[0] For example, gemm but the lhs is in fp8 e4m3 and rhs is in bf16 and we want fp32 accumulation, output to bf16 after applying GELU.
The project feels very nice and it would be great to have more notes in the README on the excluded functionality to better scope its applicability in more advanced GPGPU scenarios.
In Halide, the concept was great, yet the problems in kernel development were moved to the side of "scheduling", i.e. determining tiling/vectorization/parallellization for the kernel runs.
Given that it can target WGPU I'm really wondering why OpenCL isn't included as a backend. One of my biggest complaints about GPGPU stuff is that so many of the solutions are GPU only, and often only target the vendor compute APIs (CUDA, ROCm) which have much narrower ecosystem support (versus an older core vulkan profile for example).
It's desirable to be able to target CPU for compatibility, debugging, and also because it can be nice to have a single solution for parallelizing all your data heavy work.
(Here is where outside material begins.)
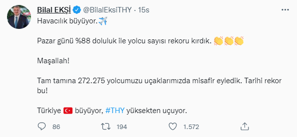 Türk Hava Yolları (THY) Genel Müdürü Bilal Ekşi, sosyal medya hesabından yaptığı paylaşımda THY'nin ulaştığı tarihi doluluk oranına değinerek, "Havacılık büyüyor. Pazar günü yüzde 88 doluluk ile yolcu sayısı rekoru kırdık. Maşallah. Tam tamamına 272.275 yolcumuzu uçaklarımızda misafir eyledik. Tarihi rekor bu. Türkiye büyüyor, THY yüksekten uçuyor" ifadelerini kullandı.

The latter reduces mental overhead and permits more code reuse.
One thing I've never investigated is how performance OpenCL actually is for CPU. Do you happen to have any resources comparing it to a more native CPU implementation?
It isn't really related to your question but I think the FluidX3D benchmarks [2] illustrate that OpenCL is at least viable across a wide variety of hardware.
As far as targeting CPUs in a release build it's not a particular backend that's important to me. The issue is at the source code level. Having single source is nice but you're still stuck with these two very different approaches. It means that the code is still clearly segmented and thus retargeting any given task (at least nontrivial ones) involves rewriting it to at least some extent.
Contrast that with a model like OpenMP where the difference between CPU and GPU is marking the relevant segment for offload. Granted that you'll often need to change algorithms when switching to achieve reasonable performance but it's still a really nice quality of life feature not to have to juggle more paradigms and libraries.
[0] https://github.com/pocl/pocl
Since we don't want to rewrite everything multiple times, it also has to be multi-platform and optimal, so the feature set must be per-device, not per-language. I'm not aware of a tool that does that, especially in Rust (which Burn is written in).
Jax? But then you're stuck in python. SYCL?
But yeah not for Rust. This project is filling a prominent hole IMO.
Also, to whom do you have to thank LLVM exists in first place, and has not fizzled out as yet another university compiler research project?
Generally wgpu is open to supporting any Metal extensions you need. There's usually an analogous extension in one of the other backends (e.g., Vulkan, DX12) anyway.